To those of you that already use a wiki with productive results, I wish to ask which are the true alternatives to Ross' system and what are the differences in terms of costs and features?

For independent publishers, professional consultant, small virtual teams operating online is money spent on the SocialText wiki workspace well spent or should we be looking elsewhere?



posted by Robin Good on Tuesday February 15 2005

posted by Tom | 10:54 AM
 

Financial Times & Wikis

Two days ago, the Financial Times had a piece on Blogs and Wikis. It talks about them in terms of a tecktonic shift in what's possible.
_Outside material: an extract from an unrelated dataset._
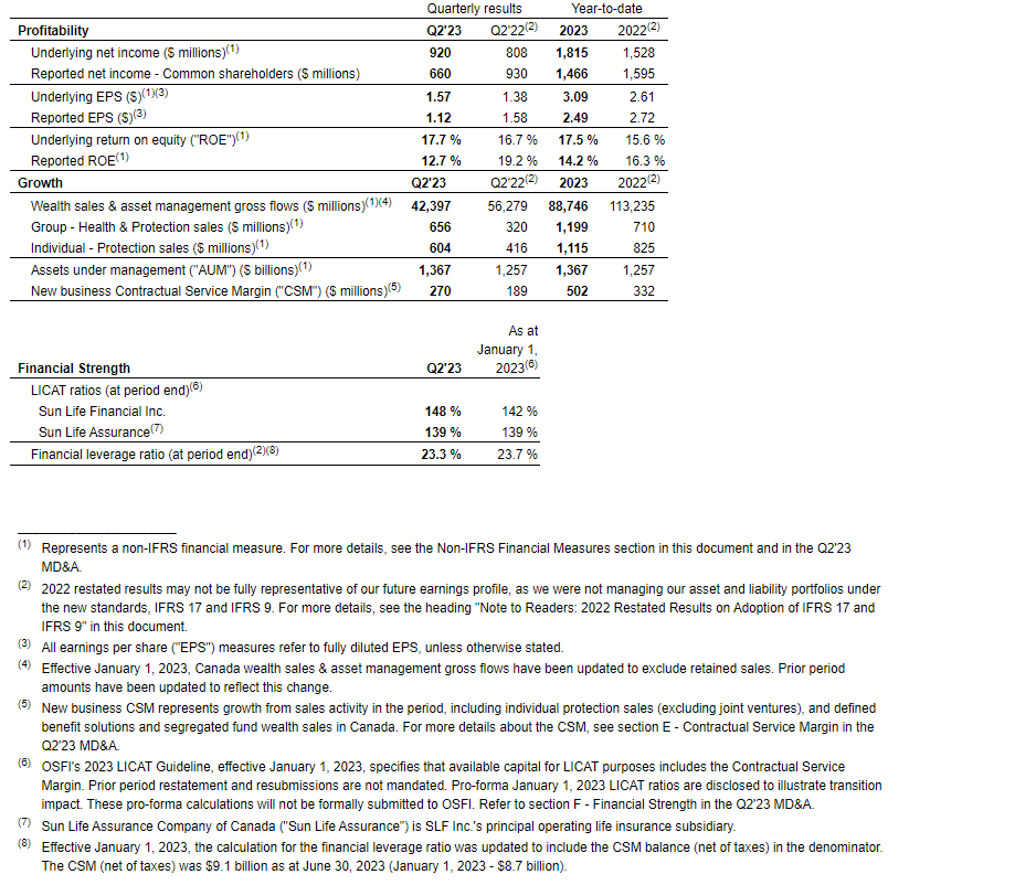 Sun Life Financial Inc. has released its results for the second quarter ended June 30, 2023.

For those who subscribe to FT -- you can look at an archive file of the text. For everyone else, a somewhat fuller version:
.
-----------------------------------

Tom Foremski: Blogging technology opens doors for enterprises
By Tom Foremski
Published: February 23 2005 07:50 | Last updated: February 23 2005 07:50


There is a new phase of the internet emerging and it is being fuelled by a new class of technologies coming out of Silicon Valley that don’t even have a name yet, but they have the potential to be disruptive in their application.

Some have begun calling this new phase Web 2.0, but I prefer the term internet 2.0 because it more accurately encompasses the broad nature of what is happening. Blogging, and blogging-like technologies such as wikis, are shaping up to become one of the most important features of internet 2.0. I would not be surprised if these technologies become recognised as the “killer applications” of the next few years.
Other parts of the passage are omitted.